__TASK STATEMENT__.
The data below contains pictures, which are to be skipped; the lines starting at the line with "Kadın File Cepli Slim fit T-shirt - Siyah" and ending at the line with "Председатель Гродненской областной" are to be output exactly, both ends included.

__EXTRACTED DATA__.
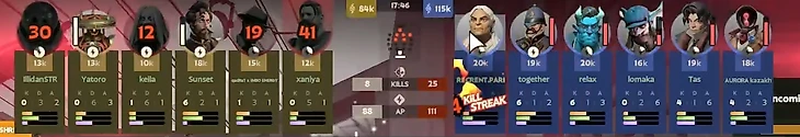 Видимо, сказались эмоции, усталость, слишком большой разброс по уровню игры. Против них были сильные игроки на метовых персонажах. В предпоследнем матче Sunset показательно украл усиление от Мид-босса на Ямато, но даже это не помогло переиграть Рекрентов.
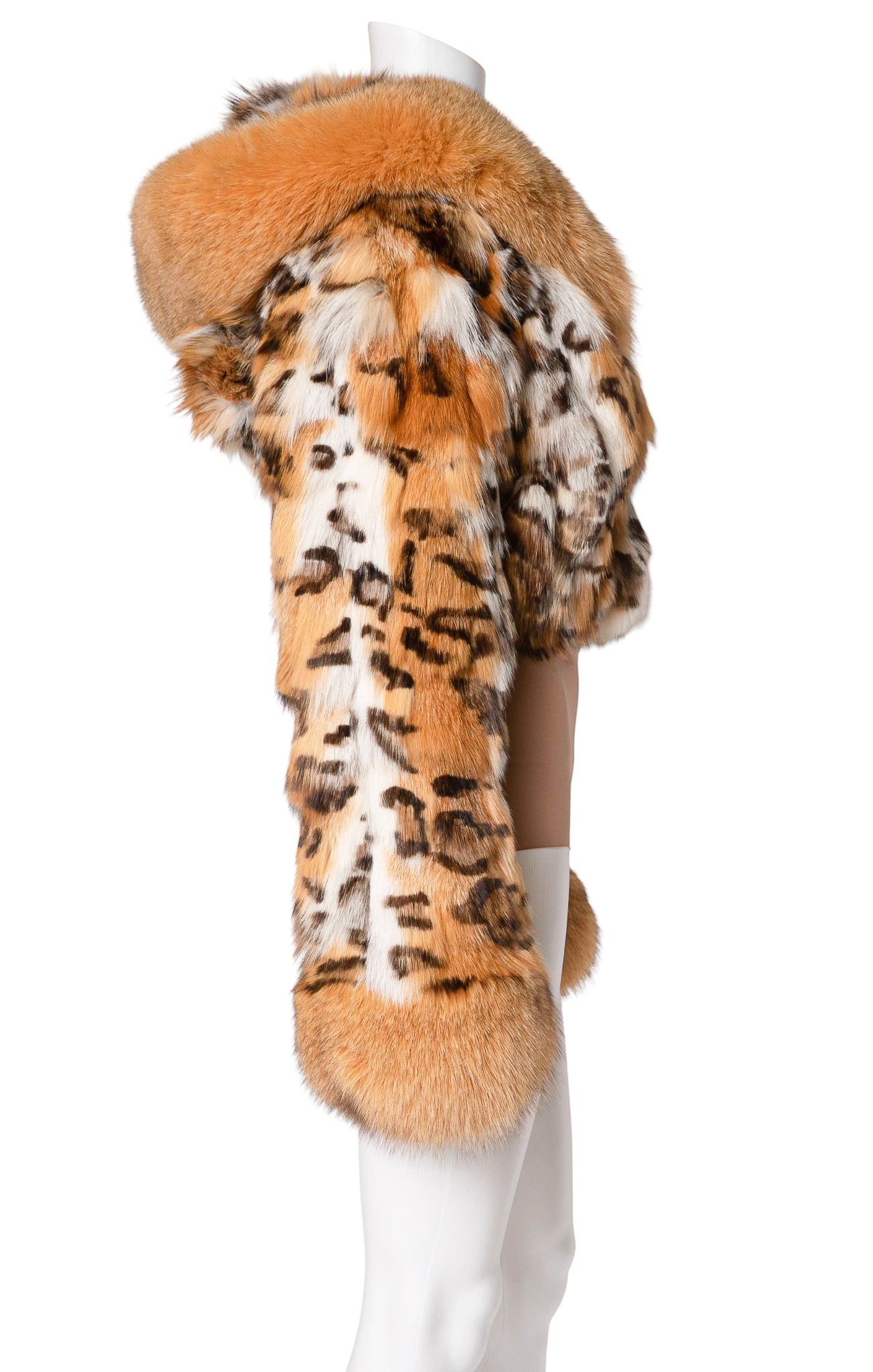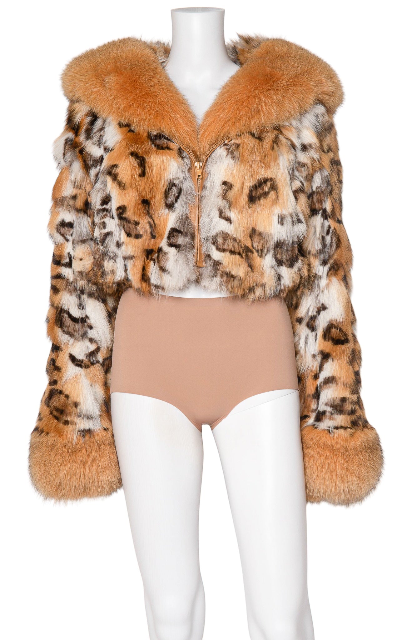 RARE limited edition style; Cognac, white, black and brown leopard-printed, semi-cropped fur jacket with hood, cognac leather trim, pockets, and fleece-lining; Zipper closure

--

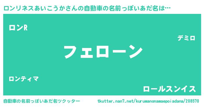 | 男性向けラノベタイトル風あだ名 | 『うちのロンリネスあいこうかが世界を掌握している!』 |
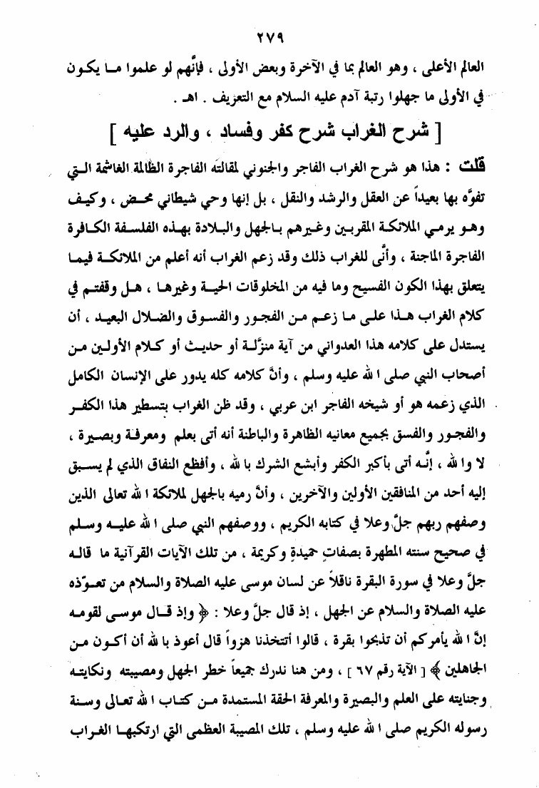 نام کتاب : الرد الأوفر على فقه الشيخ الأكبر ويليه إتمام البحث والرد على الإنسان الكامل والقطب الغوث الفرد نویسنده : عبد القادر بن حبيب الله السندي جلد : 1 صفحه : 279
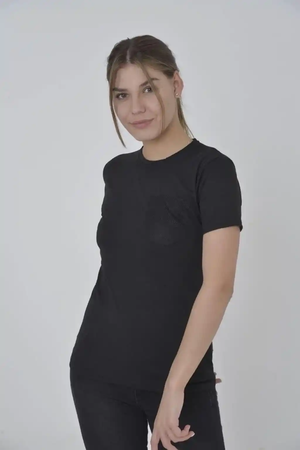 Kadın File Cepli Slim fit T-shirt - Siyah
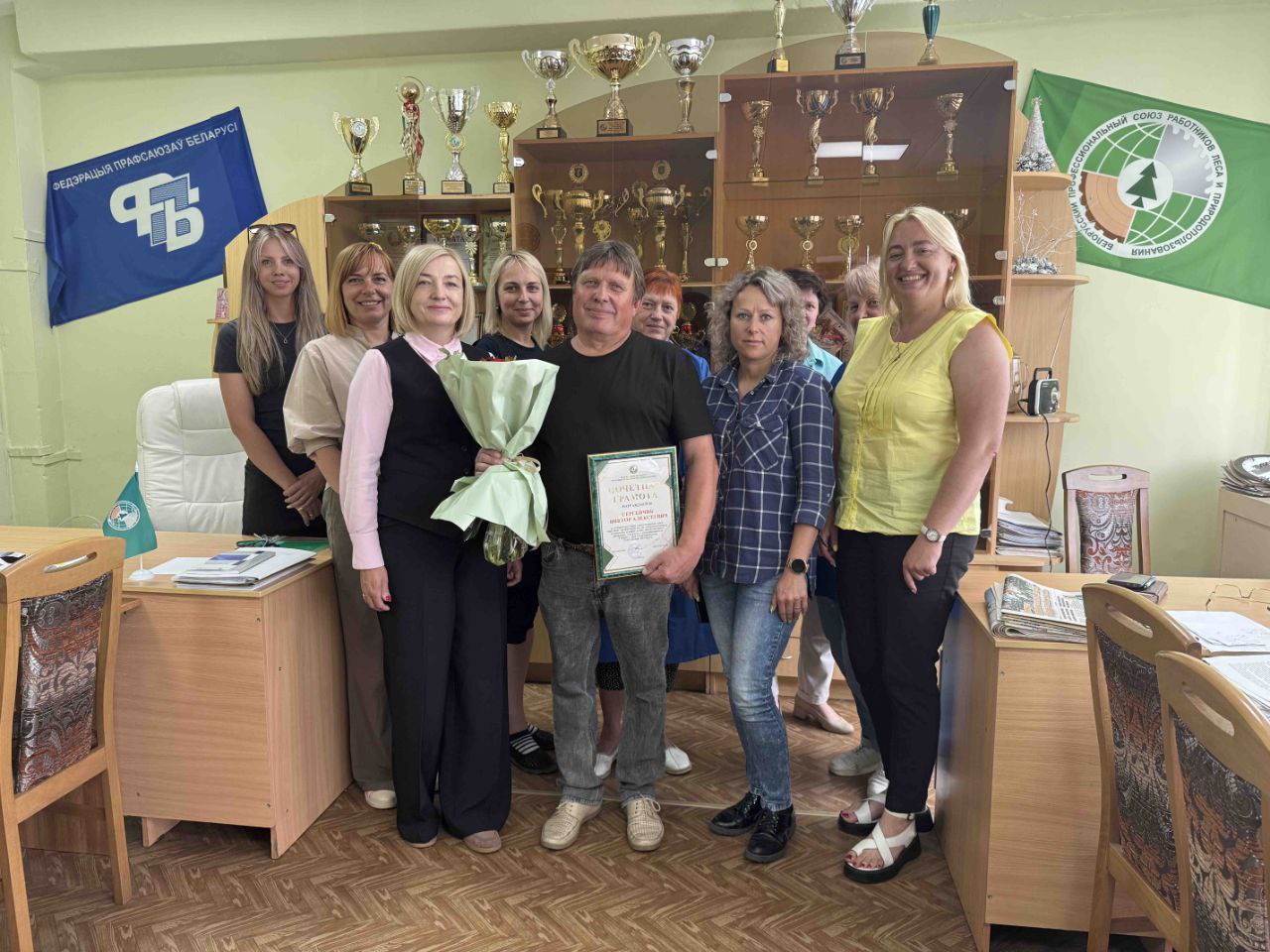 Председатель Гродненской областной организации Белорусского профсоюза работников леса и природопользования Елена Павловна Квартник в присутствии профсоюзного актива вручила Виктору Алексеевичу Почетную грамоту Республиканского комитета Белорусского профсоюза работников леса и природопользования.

__REPLY__.
 Kadın File Cepli Slim fit T-shirt - Siyah
 Председатель Гродненской областной организации Белорусского профсоюза работников леса и природопользования Елена Павловна Квартник в присутствии профсоюзного актива вручила Виктору Алексеевичу Почетную грамоту Республиканского комитета Белорусского профсоюза работников леса и природопользования.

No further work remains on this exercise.